Best Historical Sites in Tasmania

Local Recommendations from our My Guide Tasmania team

Tasmania contains places of local, state, national and World Heritage significance. Many of historical value are linked to the British colonisation of the isle, especially the role of convicts. The forced penal migration had a major impact, due to its sheer scale. Nearly half the convict sites in Australia with World Heritage listing are in Tasmania.
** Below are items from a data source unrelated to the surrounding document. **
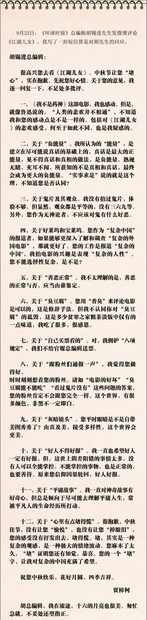 第二天,贾导发长微博回应,强调创作者要忠实于他观察到的社会和人性现实,不应该将作品纳入到任何被预先设计的思想或者情感框架中,并表示称“真话才是最大的正能量”。。。。。。
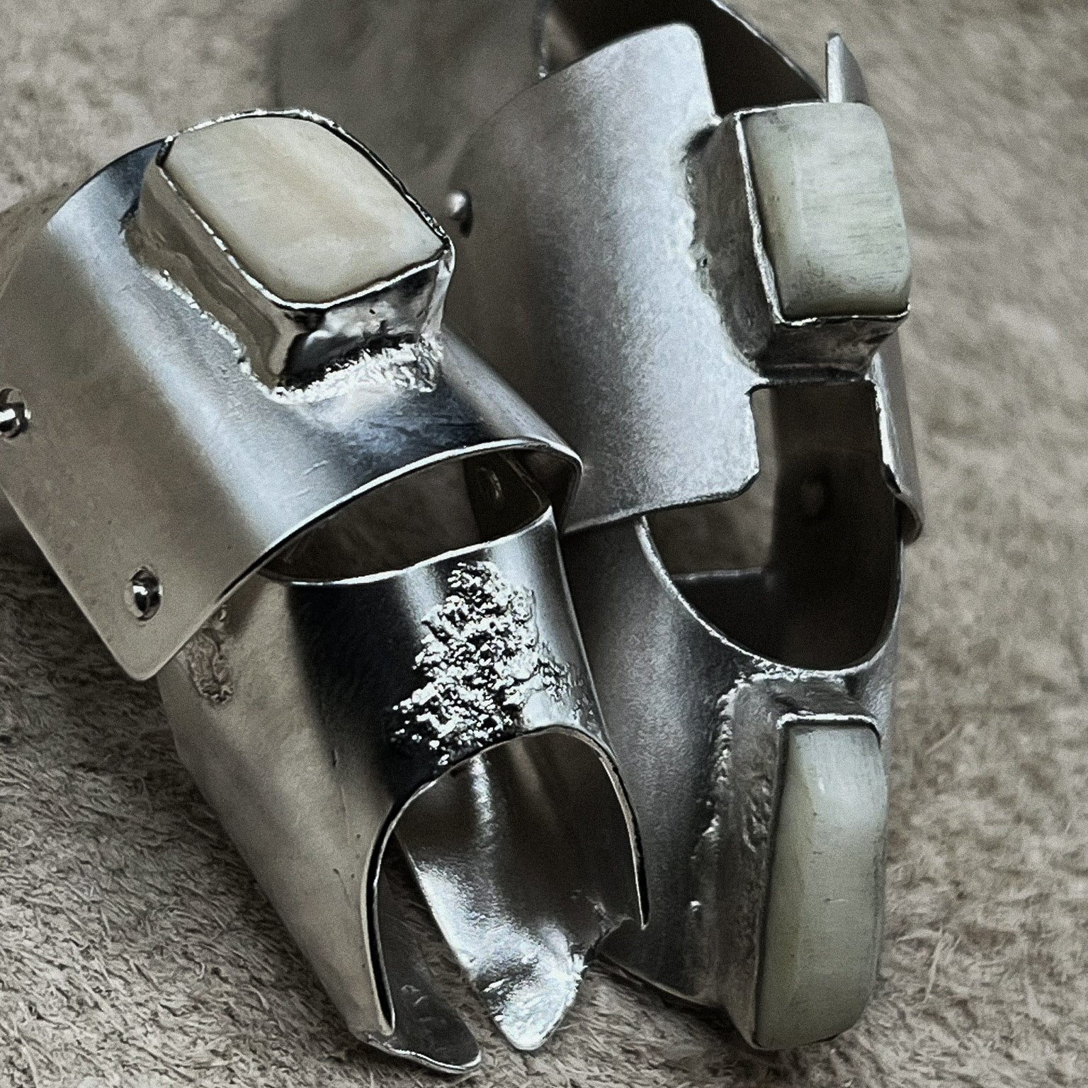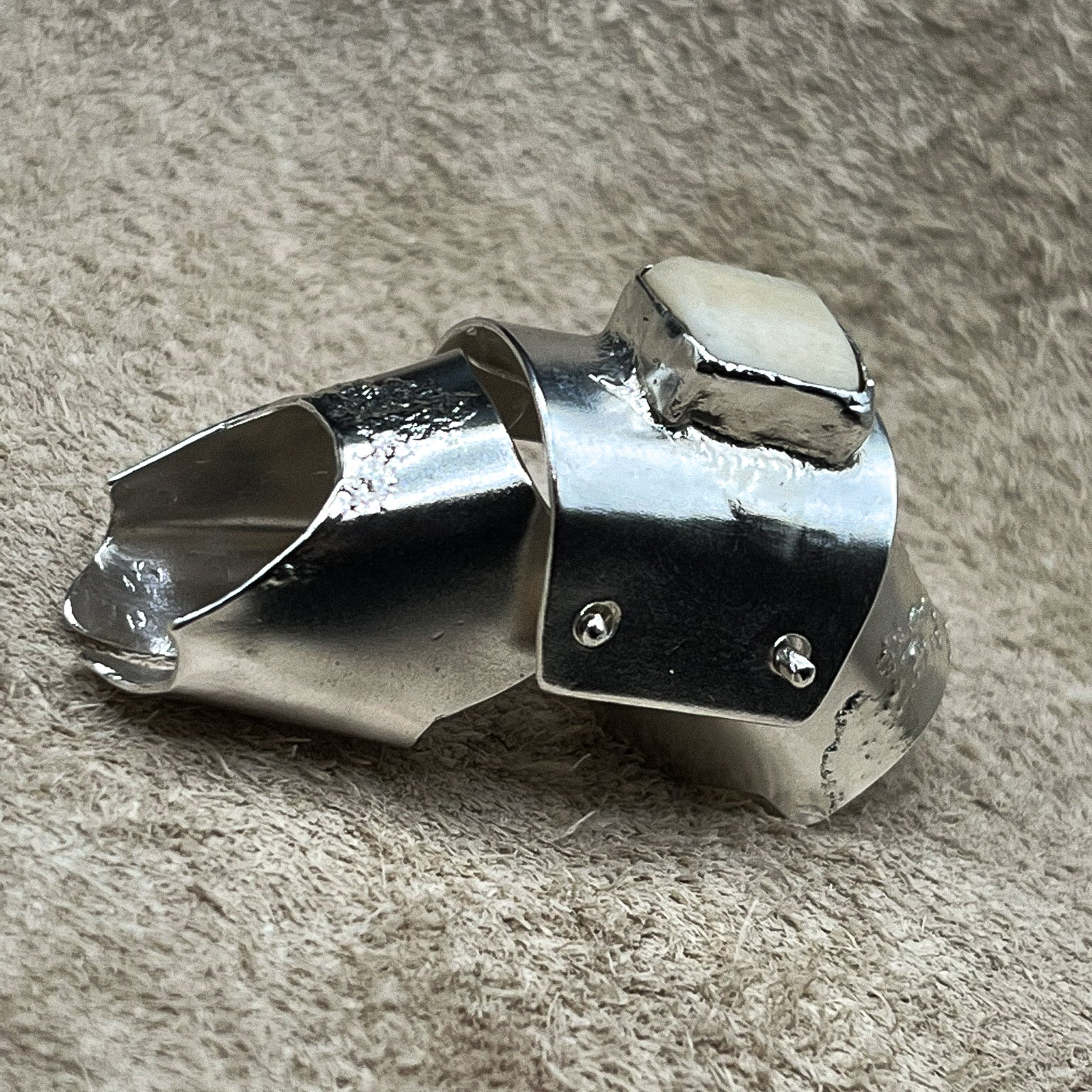 half finger articulated 925 silver armor ring with one antique ivory inlay and a custom textured shiny finish. This piece is meant to be worn at the end of one's finger, leaving space for your nail
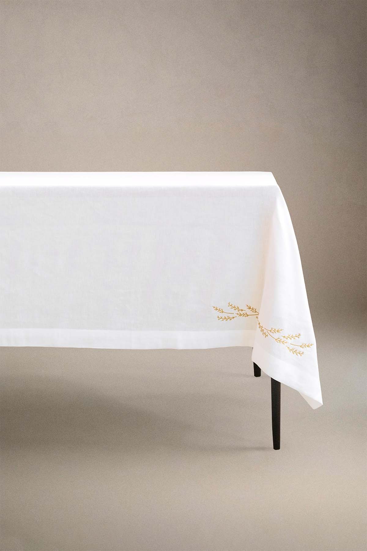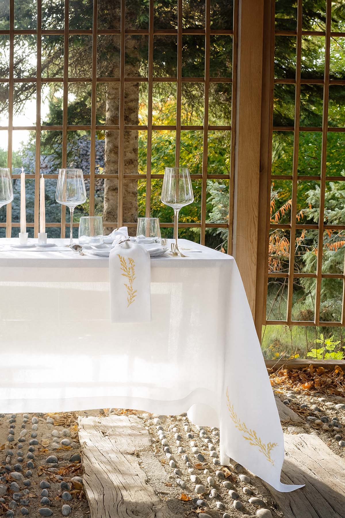 Doğal keten kumaştan üretilen bu yaprak nakışlı masa örtüsü, sofralara zarif ve zamansız bir şıklık katar. İnce işçiliğe sahip nakış detayları modern ve klasik masa düzenleriyle uyum sağlar. 8-10 kişilik 150x250 cm ve 10-12 kişilik 150x320 cm ebat seçenekleriyle özel davetlerden günlük kullanıma kadar her ortamda estetik bir görünüm sunar.
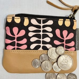 Handmade in South Africa, this coin purse is a beautiful combination of pure leather and printed canvas fabric.
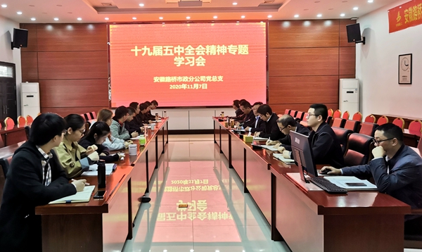 11月7日上午,市政分公司党总支召开专题学习会议,学习贯彻党的十九届五中全会精神,分公司领导班子成员、后勤支部党员、各职能部门工作人员参加学习,分公司党总支书记刘振岭主持会议。
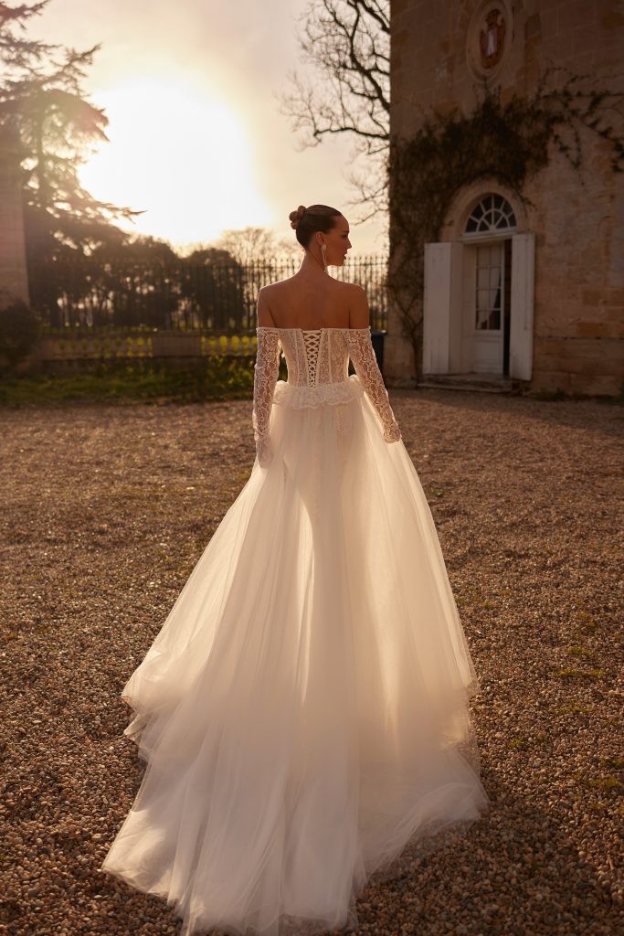 Ein abnehmbarer, luftiger Tüll-Überrock sorgt für zusätzliches Volumen und Bewegung und verwandelt das Kleid für die Zeremonie in einen dramatischeren, ätherischen Brautlook.

The labour of convicts contributed a lot to the building up of settlements in Tasmania. Most of the evidence that remains of their toil is in buildings and bridges, such as the bridge at Richmond which is the oldest bridge in Australia and still in use today. With the penal establishment there was much record-keeping, giving insight into the lives and conditions of those forced to come here. As stories are told of individual convicts, the extraordinary picture of convict life is revealed. There is no doubt that the influx of transported convicts had a lasting and significant impact on the Tasmanian landscape. Not only for the labour done as convicts but their lives lived after receiving their Ticket of Leave document or being pardoned. There are sites of historical significance relating to the original inhabitants, the Tasmanian Aborigines. These contrast so much with the early, European colonisation and our current way of life. Little is left to show they were here because they minimally impacted on their landscape. Shell middens and rock carvings are cause for quiet reflection, as are the final living and resting places of many of the last full-blood aborigines, Wyabaleena on Flinders Island and Oyster Cove, near Hobart.